The client relationship, whether direct or through an Interim Provider, is subject to commercial law and not employment law.
The statutory and regulatory burden is increasing: HMRC also explicitly included interim directors in the new Money Laundering Regulations, threatening them with unlimited fines and jail sentences for failing to comply with new documentary and reporting requirements.
IIM Deputy chairman Tom Brass says: “It is an unavoidable feature of being a professional interim manager such as the IIM represents that working patterns involve periods of ‘feast’ and periods of ‘famine’: it is most unusual that an interim manager can arrange for his/her next contract to start immediately the current one finishes, and so must endure a period when no external income is generated. And the periods of famine can be long – in difficult economic times, often running to several months or more.
“HM Treasury’s consultation paper is filled with examples of alleged income shifting when businesses are profitable, but there are no examples of what happens when there is no externally-derived income coming in. At such times of course, Individual 2 in the examples given in the consultation is probably making as great, or greater, contribution to the ongoing running of the business as the income-generating Individual 1.
“A further feature of the proposed legislation would be to discriminate in favour of larger companies to the detriment of the small practitioner: if an interim manager is provided to a client by a large company under a contract, the profits of that company are distributed as dividend by that business, and are taxed by reference to the marginal tax rate of the shareholder.
“However if the Interim manager is supplied under an identical contract, but by a company which is owned by the Interim and his/her spouse, the dividends from the resultant profits are taxed at the highest tax rate of the interim manager, not at the marginal tax rate of the shareholder, if lower.
“Most professional interim managers chose to share the potential risks and rewards by having their spouse as co-director of their personal service companies. They collectively share the risk of being in business together, and their reward is profit – which is different in nature to salary and does not come with the safety net of job security. Any calculations of the contribution made by a spouse on the basis of some sort of salary equivalence are therefore specious.
“Indeed, it is an important aspect of profit that it can be retained in the business as undistributed dividend to tide things over in bad times – when the payment of a market rate salary or even any salary at all as assumed by HM Treasury, may be wholly unrealistic, but marketing and administrative activities must still be carried on. It is clear from the consultation paper that the Government has fundamentally misunderstood the nature of family businesses.

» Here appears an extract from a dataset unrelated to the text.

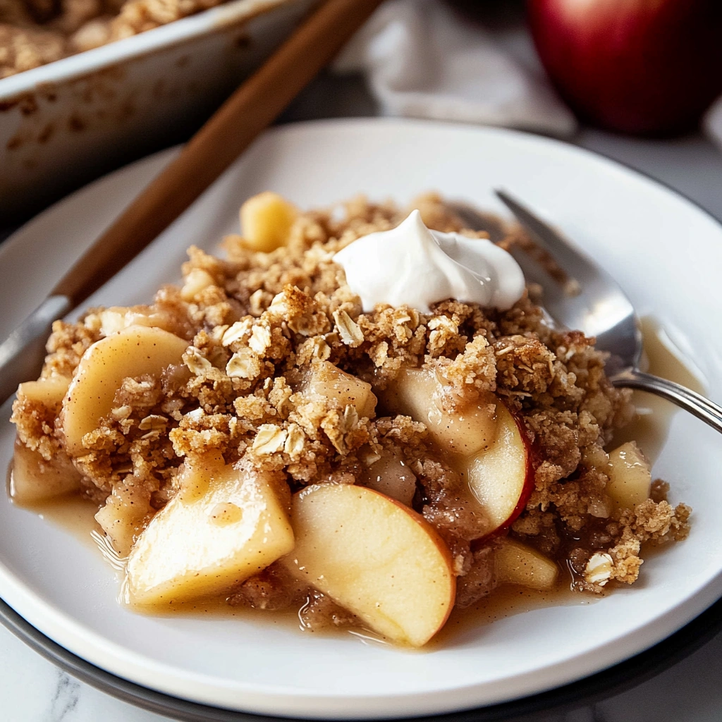 Finally, serve your apple crisp warm with a scoop of vanilla ice cream or a dollop of whipped cream atop it. Combining hot dessert with cold toppings creates an indulgent experience that elevates this classic dish even further, making it irresistible!

“When families go into business together, they do so out of choice and possibly in circumstances where they would not go into business with a third party, because they trust one another to rally round when the need arises and are prepared to share the rough with the smooth. HM Treasury demonstrates a worrying unawareness of the realities of running small family businesses when it asks for ‘documentation to demonstrate the nature and extent of the work done by individual 2, which may include contracts of employment, time sheets, board minutes, any research done on the market rates of pay for the duties undertaken by individual 2’ and other such requirements.”